Four-term Republican Rep. Patrick Meehan had already decided to not seek re-election this fall. In a resignation letter submitted Friday, he said that within 30 days, he will repay the government $39,000 he used from his House office account as a severance payment to help settle the woman’s allegations against him.
“I did not want to leave with any question of violating the trust of taxpayers,” Meehan wrote.
Meehan, first elected in 2010, said his decision was in the best interest of constituents and would spare his staff and taxpayers the “rigors” and expense of an investigation by the House Ethics Committee.
House Speaker Paul Ryan, R-Wis., called for an Ethics panel investigation of Meehan after The New York Times reported on the accusations against him in January. In his letter Friday, Meehan said he believed the investigation would have absolved him.
“I recognize that there are constituents who are disappointed in the manner in which I handled the situation that lead to my decision not to seek re-election and wish I had done better by them,” Meehan wrote.
The lawmaker’s early departure, which essentially ends the Ethics Committee’s look at the situation, prompted criticism from an attorney for the accuser.
“I’m disgusted that he has chosen to take the coward’s way out. Our client participated in the ethics probe expecting that justice would be served. That will not happen,” lawyer Debra Katz tweeted.
Meehan’s retirement has left his open seat from Philadelphia’s suburbs as a toss-up in this November’s elections, in which Democrats are hoping to capture House control. With Meehan’s early resignation, Pennsylvania Gov. Tom Wolf now has 10 days to set a special election at least 60 days out. His office said Friday that Wolf had yet to make a decision on a date.
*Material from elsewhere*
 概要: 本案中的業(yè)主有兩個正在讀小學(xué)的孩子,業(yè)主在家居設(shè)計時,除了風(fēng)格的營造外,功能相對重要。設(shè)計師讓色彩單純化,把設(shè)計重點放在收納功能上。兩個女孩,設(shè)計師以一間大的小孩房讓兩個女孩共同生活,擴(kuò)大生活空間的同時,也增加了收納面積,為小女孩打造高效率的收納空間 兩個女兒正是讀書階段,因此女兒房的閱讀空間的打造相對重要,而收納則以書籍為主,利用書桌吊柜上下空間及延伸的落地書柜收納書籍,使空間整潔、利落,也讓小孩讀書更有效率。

The married Meehan, 62, described the woman as a “soul mate” and said he developed strong feelings for her, but always kept the relationship professional. He said he became upset when he learned the woman, who worked for him for seven years, was involved with someone else.
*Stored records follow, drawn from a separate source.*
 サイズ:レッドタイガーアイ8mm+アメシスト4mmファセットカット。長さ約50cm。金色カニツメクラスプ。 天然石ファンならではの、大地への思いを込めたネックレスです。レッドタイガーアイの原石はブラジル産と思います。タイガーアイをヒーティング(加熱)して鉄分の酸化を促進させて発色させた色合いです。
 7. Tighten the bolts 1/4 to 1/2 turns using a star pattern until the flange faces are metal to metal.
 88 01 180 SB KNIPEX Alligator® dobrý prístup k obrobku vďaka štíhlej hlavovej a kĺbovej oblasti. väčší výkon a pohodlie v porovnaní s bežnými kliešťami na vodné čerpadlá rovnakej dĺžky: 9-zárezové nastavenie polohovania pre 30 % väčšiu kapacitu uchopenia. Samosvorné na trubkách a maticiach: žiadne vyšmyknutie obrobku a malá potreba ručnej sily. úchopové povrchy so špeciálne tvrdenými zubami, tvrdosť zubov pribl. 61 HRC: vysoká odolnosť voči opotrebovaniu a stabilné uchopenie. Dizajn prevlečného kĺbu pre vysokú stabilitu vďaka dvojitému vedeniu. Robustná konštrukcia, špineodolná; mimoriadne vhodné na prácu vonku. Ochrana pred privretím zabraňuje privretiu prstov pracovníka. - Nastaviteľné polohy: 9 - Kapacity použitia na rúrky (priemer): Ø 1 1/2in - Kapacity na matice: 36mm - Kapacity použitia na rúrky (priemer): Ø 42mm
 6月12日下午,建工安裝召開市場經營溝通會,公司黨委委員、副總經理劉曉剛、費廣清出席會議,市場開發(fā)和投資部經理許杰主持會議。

The woman’s lawyer said the allegations were a “serious sexual harassment claim.” The Times reported that she had lodged her complaint last summer with Congress’ Office of Compliance after Meehan became hostile toward her and she left the job.
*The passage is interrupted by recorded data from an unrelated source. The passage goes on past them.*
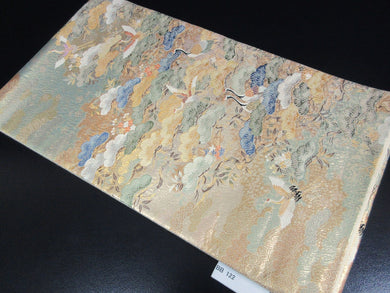 Fukuro Obi Gold Crane Birds Wisteria Pine Tree Silk BB156W1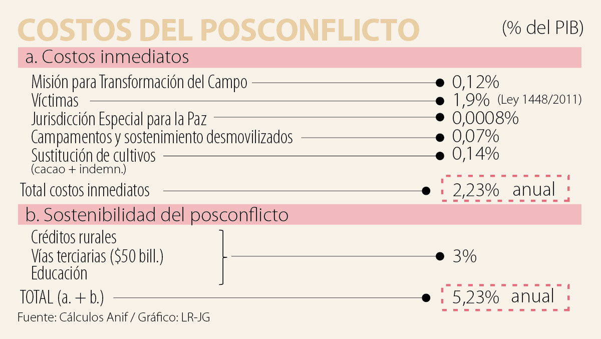 Anif ha estimado que la inversión mínima requerida para la era del posconflicto bordea 2% del PIB y si se añaden los requerimientos de infraestructura y adecuación del campo se llega a la exigente cifra de 5% del PIB. En este sentido, buscar recursos a través de las “Obras por Impuestos” luce como un mecanismo complementario interesante. En todo caso, el gobierno central deberá estar muy atento a la forma en que ello se aplica para evitar incrementar en exceso el “sacrificio fiscal” ya existente por las múltiples exenciones tributarias. Las Zomac debería dár prioridad a los de “sostenibilidad (ver cuadro adjunto).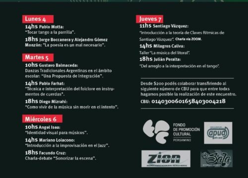 El VII Encuentro de música popular de Pergamino está auspiciado por el “Fondo de promoción cultural 2021” y por los comercios locales: Julio Apud, Zion informática y La Sala.

Meehan said he followed the advice of House lawyers and Ethics Committee guidance in agreeing to the payment. However, the settlement had been kept secret, and Meehan’s office had long refused to answer repeated questions about how much taxpayer money Meehan paid out in it.
The scandal was a nail in Meehan’s political coffin. Since 2011, Meehan’s district had been badly contorted and criticized as being among the nation’s most gerrymandered. Democrat Hillary Clinton narrowly won it in the 2016 presidential election, and a court-ordered redrawing of districts put Meehan’s home in a newly drawn district that heavily favors a Democrat.